= EXTRACTED INFORMATION =
──────────
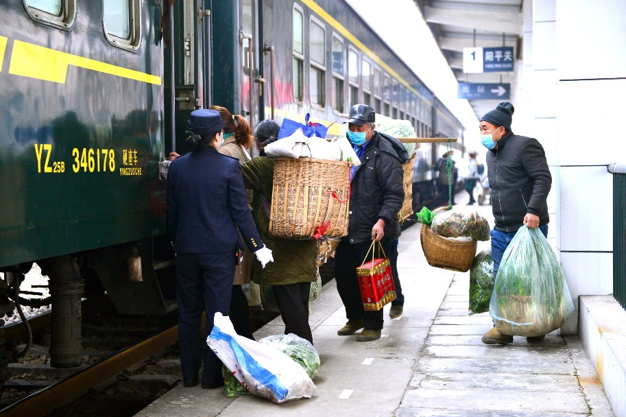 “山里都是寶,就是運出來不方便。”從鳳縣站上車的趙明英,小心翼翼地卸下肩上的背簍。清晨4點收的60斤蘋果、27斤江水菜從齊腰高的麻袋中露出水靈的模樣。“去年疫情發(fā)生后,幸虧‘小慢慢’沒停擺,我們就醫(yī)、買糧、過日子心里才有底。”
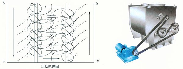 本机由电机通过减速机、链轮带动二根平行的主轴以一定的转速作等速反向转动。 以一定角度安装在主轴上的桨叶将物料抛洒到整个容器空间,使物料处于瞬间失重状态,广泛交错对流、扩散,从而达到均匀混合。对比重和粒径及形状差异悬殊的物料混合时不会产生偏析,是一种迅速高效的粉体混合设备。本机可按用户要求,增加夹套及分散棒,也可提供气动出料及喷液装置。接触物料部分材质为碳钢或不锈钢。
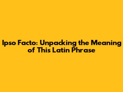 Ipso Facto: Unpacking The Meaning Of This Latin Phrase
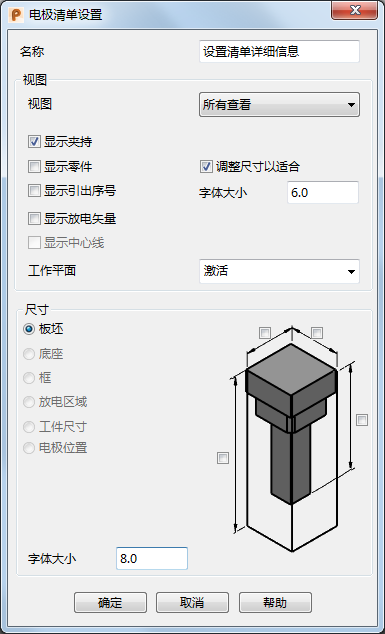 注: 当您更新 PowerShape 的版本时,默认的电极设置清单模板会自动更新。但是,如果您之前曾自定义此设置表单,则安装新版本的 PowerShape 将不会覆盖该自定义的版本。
──────────
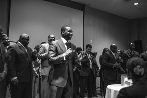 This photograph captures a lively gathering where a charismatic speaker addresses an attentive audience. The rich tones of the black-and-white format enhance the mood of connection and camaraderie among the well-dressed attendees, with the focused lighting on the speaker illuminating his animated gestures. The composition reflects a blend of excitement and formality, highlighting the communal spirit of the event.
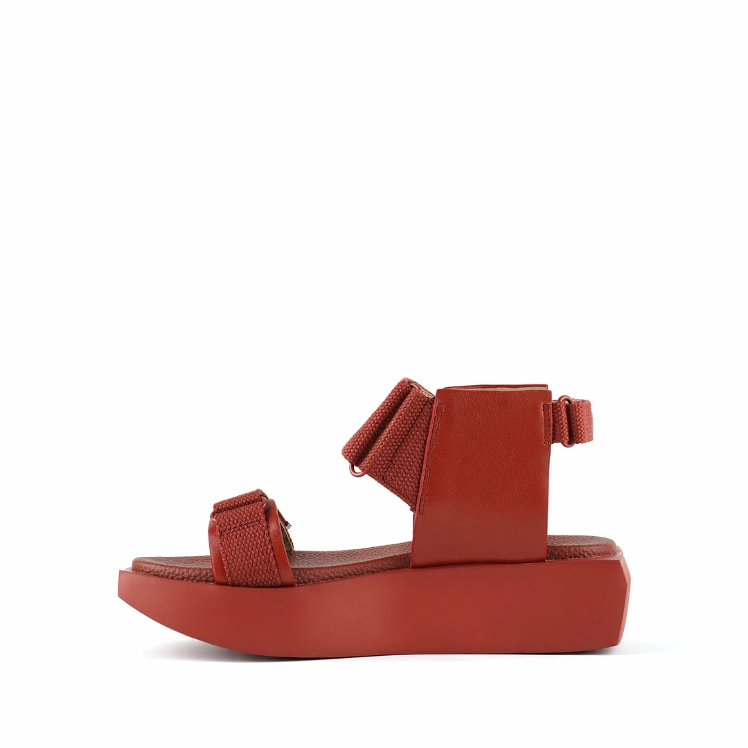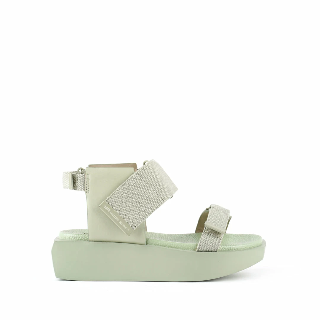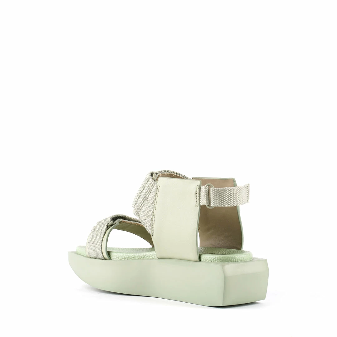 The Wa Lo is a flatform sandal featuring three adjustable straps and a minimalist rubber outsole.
──────────
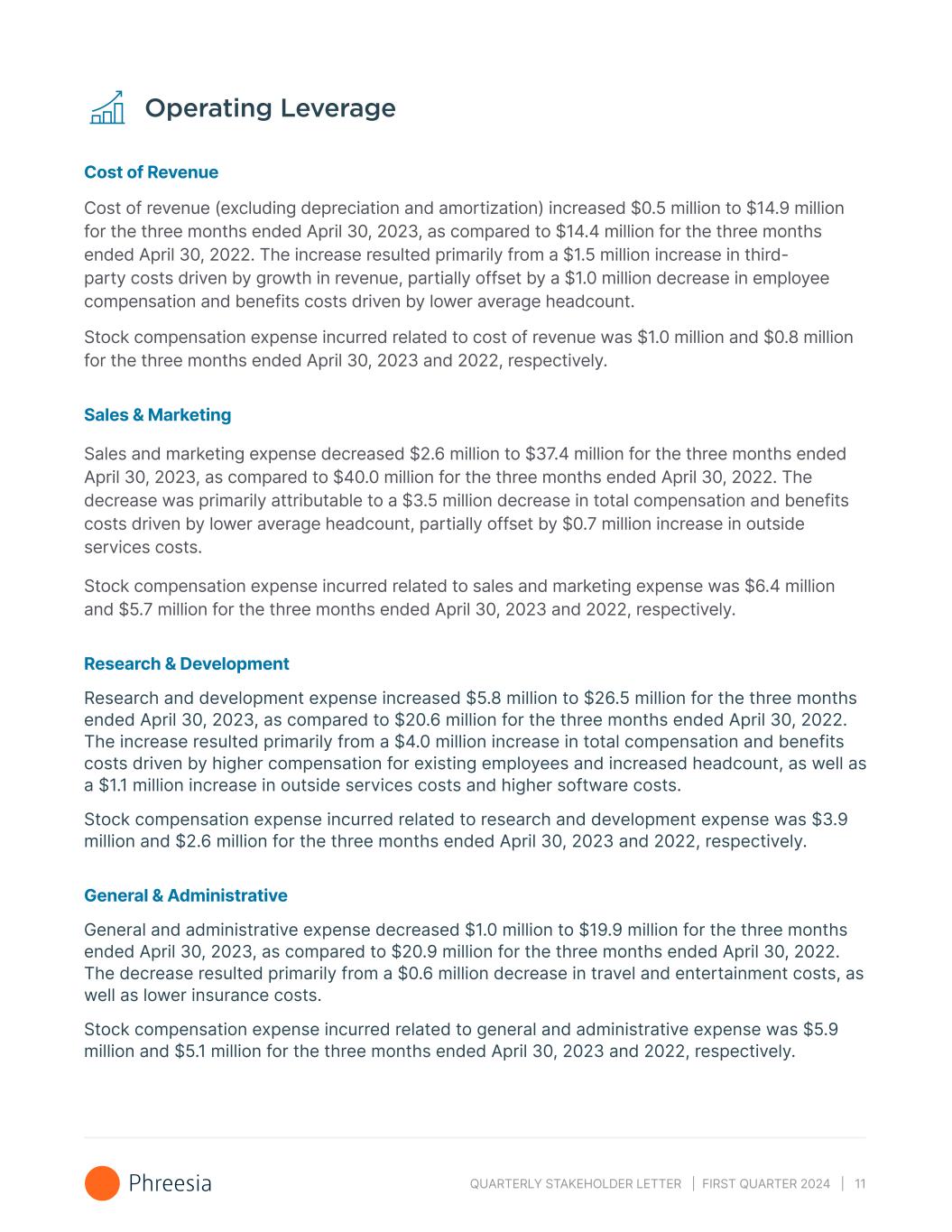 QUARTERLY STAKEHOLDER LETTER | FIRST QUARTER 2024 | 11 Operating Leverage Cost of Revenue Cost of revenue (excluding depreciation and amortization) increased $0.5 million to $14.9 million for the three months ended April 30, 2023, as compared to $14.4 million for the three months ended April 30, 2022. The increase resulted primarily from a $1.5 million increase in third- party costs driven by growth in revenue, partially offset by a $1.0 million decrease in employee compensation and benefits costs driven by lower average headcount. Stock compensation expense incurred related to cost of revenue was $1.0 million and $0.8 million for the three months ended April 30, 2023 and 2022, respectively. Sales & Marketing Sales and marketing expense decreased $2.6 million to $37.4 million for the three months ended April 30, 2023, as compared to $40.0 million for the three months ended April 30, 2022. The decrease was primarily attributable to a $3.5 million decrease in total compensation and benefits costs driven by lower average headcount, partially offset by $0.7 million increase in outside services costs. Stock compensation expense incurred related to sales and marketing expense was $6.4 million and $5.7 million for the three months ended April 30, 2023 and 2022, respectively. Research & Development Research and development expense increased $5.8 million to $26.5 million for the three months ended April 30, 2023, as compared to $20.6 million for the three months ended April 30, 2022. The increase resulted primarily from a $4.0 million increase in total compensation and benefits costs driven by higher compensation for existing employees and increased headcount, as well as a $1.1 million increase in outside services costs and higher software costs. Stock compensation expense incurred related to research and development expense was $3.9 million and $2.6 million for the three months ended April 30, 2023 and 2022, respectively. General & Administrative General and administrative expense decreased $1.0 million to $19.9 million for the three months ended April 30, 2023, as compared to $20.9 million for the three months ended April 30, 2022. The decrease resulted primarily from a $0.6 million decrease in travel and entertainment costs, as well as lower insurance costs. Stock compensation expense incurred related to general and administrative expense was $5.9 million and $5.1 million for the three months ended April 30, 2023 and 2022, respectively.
──────────
Return exactly the part of the listing above that opens with the line containing "本机由电机通过减速机、链轮带" and closes with the line containing "注: 当您更新 PowerShape". Pictures stay out.

 本机由电机通过减速机、链轮带动二根平行的主轴以一定的转速作等速反向转动。 以一定角度安装在主轴上的桨叶将物料抛洒到整个容器空间,使物料处于瞬间失重状态,广泛交错对流、扩散,从而达到均匀混合。对比重和粒径及形状差异悬殊的物料混合时不会产生偏析,是一种迅速高效的粉体混合设备。本机可按用户要求,增加夹套及分散棒,也可提供气动出料及喷液装置。接触物料部分材质为碳钢或不锈钢。
 Ipso Facto: Unpacking The Meaning Of This Latin Phrase
 注: 当您更新 PowerShape 的版本时,默认的电极设置清单模板会自动更新。但是,如果您之前曾自定义此设置表单,则安装新版本的 PowerShape 将不会覆盖该自定义的版本。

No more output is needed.